* Entries provided:
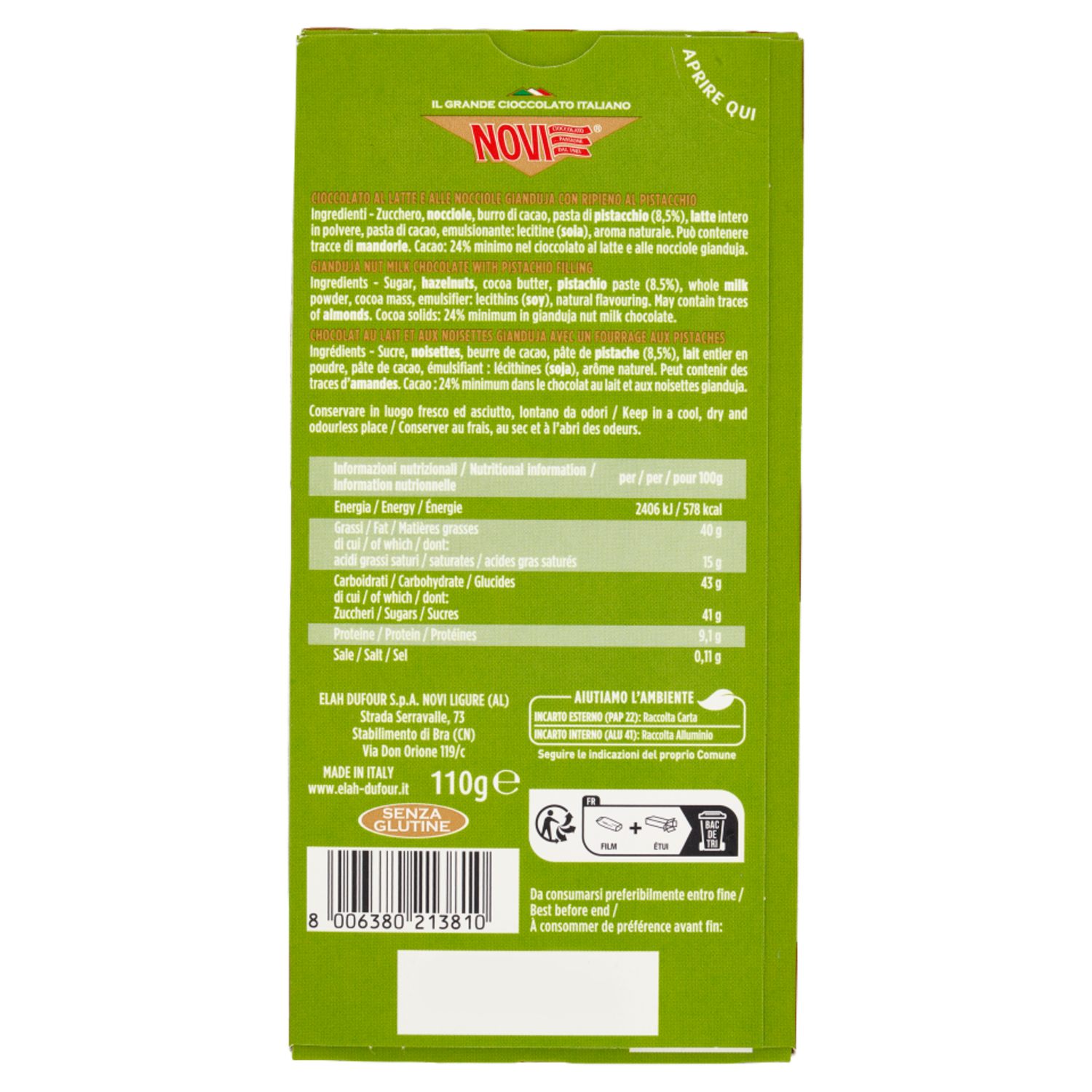 Novi Cuadro Pistacchio Tavoletta Cremino 110 g
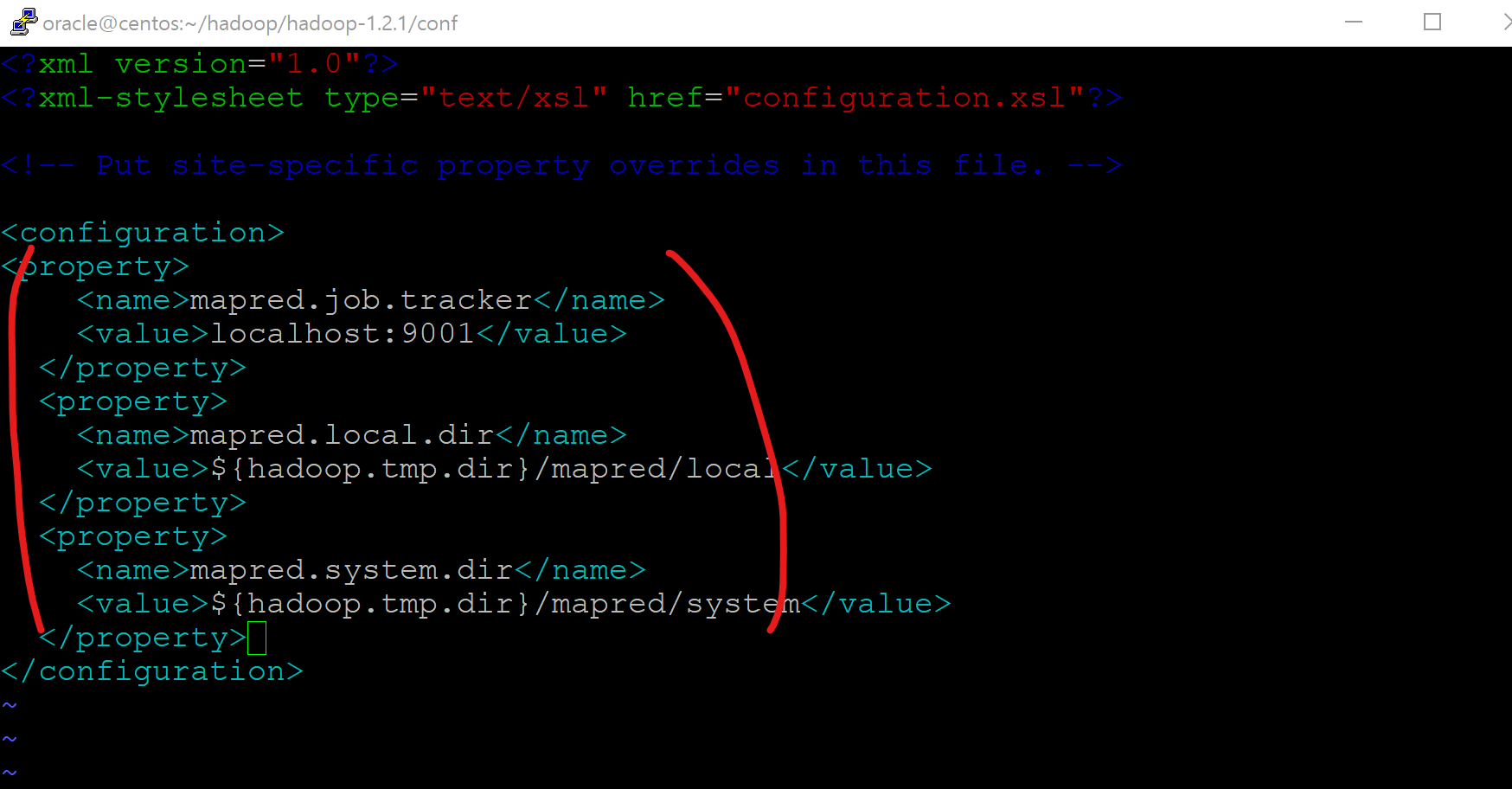 <value>/home/oracle/hadoop/hadoop-1.2.1/hadoop-${user.name}</value>
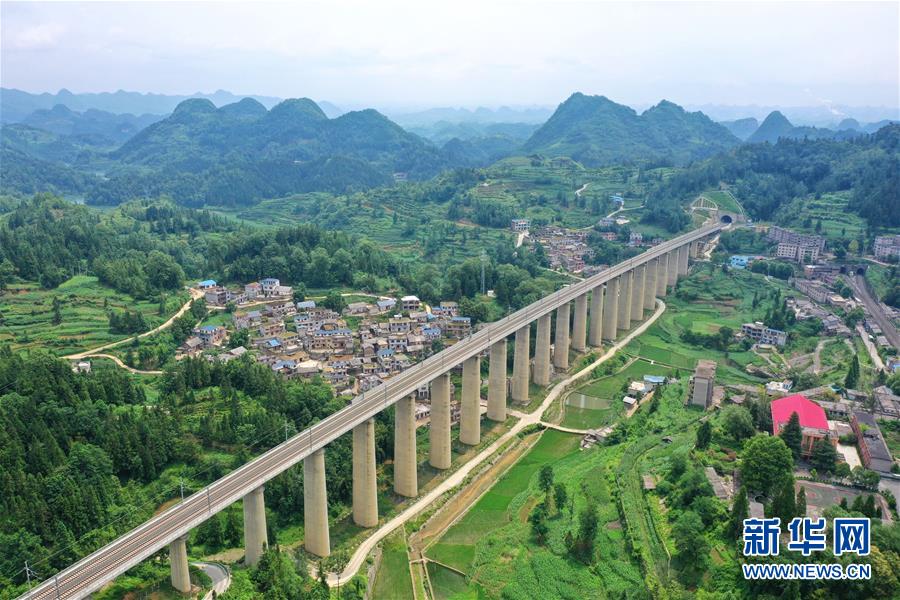 7月6日拍攝的安六鐵路岱港村特大橋(無(wú)人機(jī)照片)。當(dāng)日,新建貴州安六鐵路(安順至六盤(pán)水)聯(lián)調(diào)聯(lián)試工作進(jìn)入收尾階段,開(kāi)通前的各項(xiàng)準(zhǔn)備工作已基本就緒。安六鐵路線(xiàn)路全長(zhǎng)約125公里,設(shè)計(jì)時(shí)速250公里,為國(guó)家I級(jí)雙線(xiàn)客運(yùn)專(zhuān)線(xiàn)。建成投用后,貴陽(yáng)至六盤(pán)水的鐵路旅行時(shí)間可從現(xiàn)在的3.5小時(shí)縮短為1小時(shí)左右,貴州省六盤(pán)水市將全面接入全國(guó)高鐵網(wǎng)。新華社記者劉續(xù)攝
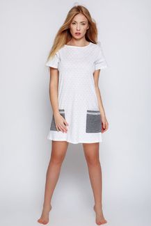 Хлопковая сорочка Lou в мелкий горох (р. S, белый с серым)
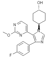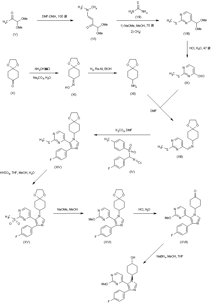 Condensation of pyruvic aldehyde dimethyl acetal (V) with dimethylformamide dimethyl acetal produced enamino ketone (VI). Cyclization of (VI) with thiourea (VII), followed by methylation with iodomethane furnished the (methylsulfanyl)pyrimidine (VIII). Acid hydrolysis of the dimethyl acetal gave rise to aldehyde (IX). Cyclohexanedione monoketal (X) was converted to oxime (XI) and then hydrogenated to give amine (XII). This was condensed with aldehyde (IX) yielding imine (XIII). Reaction of imine (XIII) with sulfonyl isocyanide (IV) gave rise to imidazole (XIV). The methylsulfanyl group of (XIV) was then oxidized to sulfone (XV) employing oxone? Further displacement of the methylsulfonyl group of (XV) with NaOMe produced the methoxy pyrimidine (XVI). After ketal (XVI) hydrolysis, reduction of the resulting ketone (XVII) with NaBH4 furnished the title alcohol.
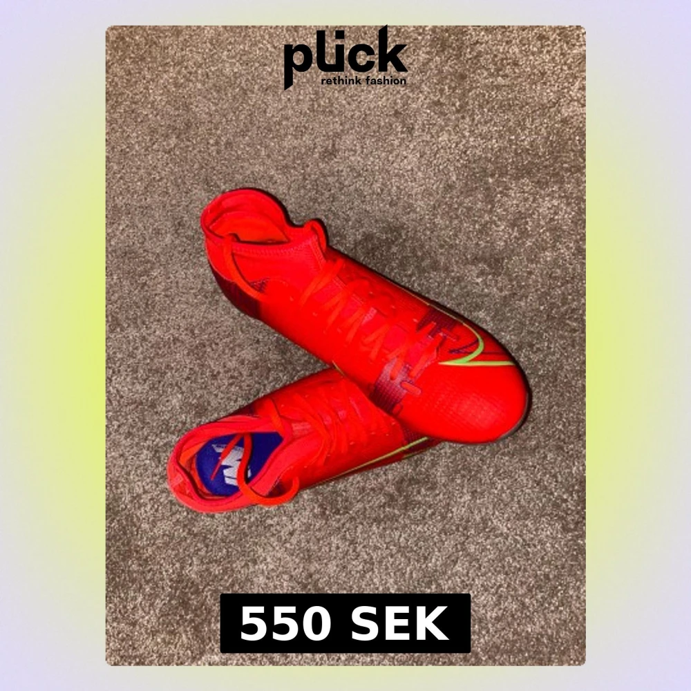 Säljer ett par grymma Nike fotbollsskor i starkt röd färg med coola gröna och svarta detaljer. Skorna har snörning och en platt sula med dobbar i orange och silver, perfekt för spel på gräs. Materialet är syntet och designen är riktigt sportig och modern.
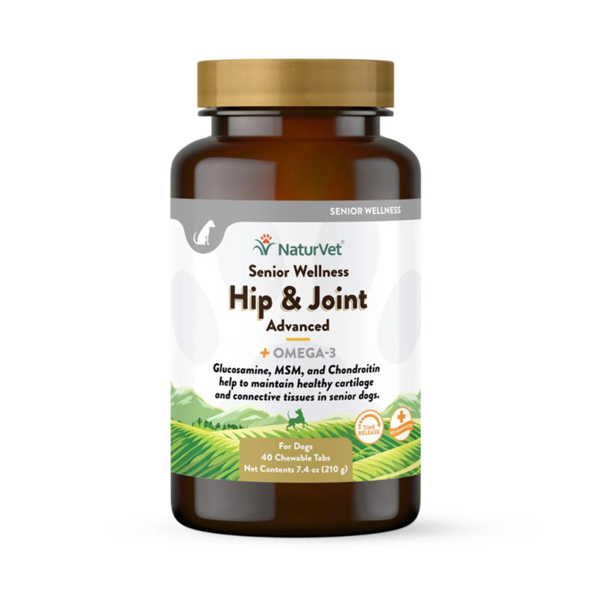 Senior Hip & Joint Advanced Chewable Tablets are for senior dogs that need extra support for healthy aging at advanced hip and joint stages. Glucosamine, MSM, and Chondroitin help support connective tissue, cartilage health, joint movement, and lubrication of joints. Also helps to alleviate aches and discomfort associated with daily exercise.
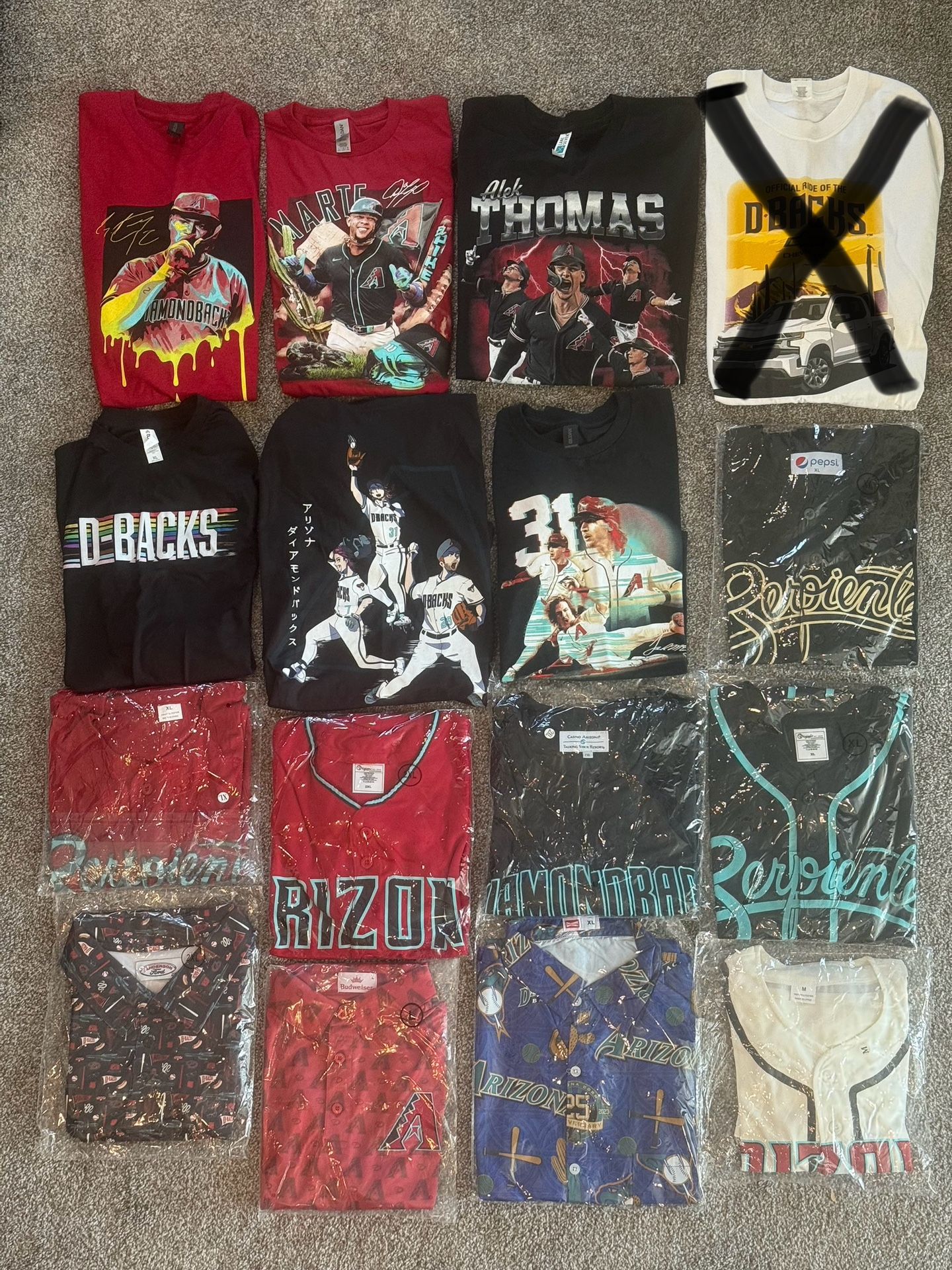 Brand new Arizona diamondbacks replica jerseys, Father’s Day dress shirts, and t-shirts. Asking $40 for jerseys, $20 for dress shirts, and $15 for t-shirts. Just make me an offer close and it’s yours. Please let me know if u are interested or have questions. Thank u.

* Description of the task:
Reproduce only the lines from the first line of the entries through the line containing "Condensation of pyruvic", exactly and with both ends kept. Omit the pictures.

* Completed task:
 Novi Cuadro Pistacchio Tavoletta Cremino 110 g
 <value>/home/oracle/hadoop/hadoop-1.2.1/hadoop-${user.name}</value>
 7月6日拍攝的安六鐵路岱港村特大橋(無(wú)人機(jī)照片)。當(dāng)日,新建貴州安六鐵路(安順至六盤(pán)水)聯(lián)調(diào)聯(lián)試工作進(jìn)入收尾階段,開(kāi)通前的各項(xiàng)準(zhǔn)備工作已基本就緒。安六鐵路線(xiàn)路全長(zhǎng)約125公里,設(shè)計(jì)時(shí)速250公里,為國(guó)家I級(jí)雙線(xiàn)客運(yùn)專(zhuān)線(xiàn)。建成投用后,貴陽(yáng)至六盤(pán)水的鐵路旅行時(shí)間可從現(xiàn)在的3.5小時(shí)縮短為1小時(shí)左右,貴州省六盤(pán)水市將全面接入全國(guó)高鐵網(wǎng)。新華社記者劉續(xù)攝
 Хлопковая сорочка Lou в мелкий горох (р. S, белый с серым)
 Condensation of pyruvic aldehyde dimethyl acetal (V) with dimethylformamide dimethyl acetal produced enamino ketone (VI). Cyclization of (VI) with thiourea (VII), followed by methylation with iodomethane furnished the (methylsulfanyl)pyrimidine (VIII). Acid hydrolysis of the dimethyl acetal gave rise to aldehyde (IX). Cyclohexanedione monoketal (X) was converted to oxime (XI) and then hydrogenated to give amine (XII). This was condensed with aldehyde (IX) yielding imine (XIII). Reaction of imine (XIII) with sulfonyl isocyanide (IV) gave rise to imidazole (XIV). The methylsulfanyl group of (XIV) was then oxidized to sulfone (XV) employing oxone? Further displacement of the methylsulfonyl group of (XV) with NaOMe produced the methoxy pyrimidine (XVI). After ketal (XVI) hydrolysis, reduction of the resulting ketone (XVII) with NaBH4 furnished the title alcohol.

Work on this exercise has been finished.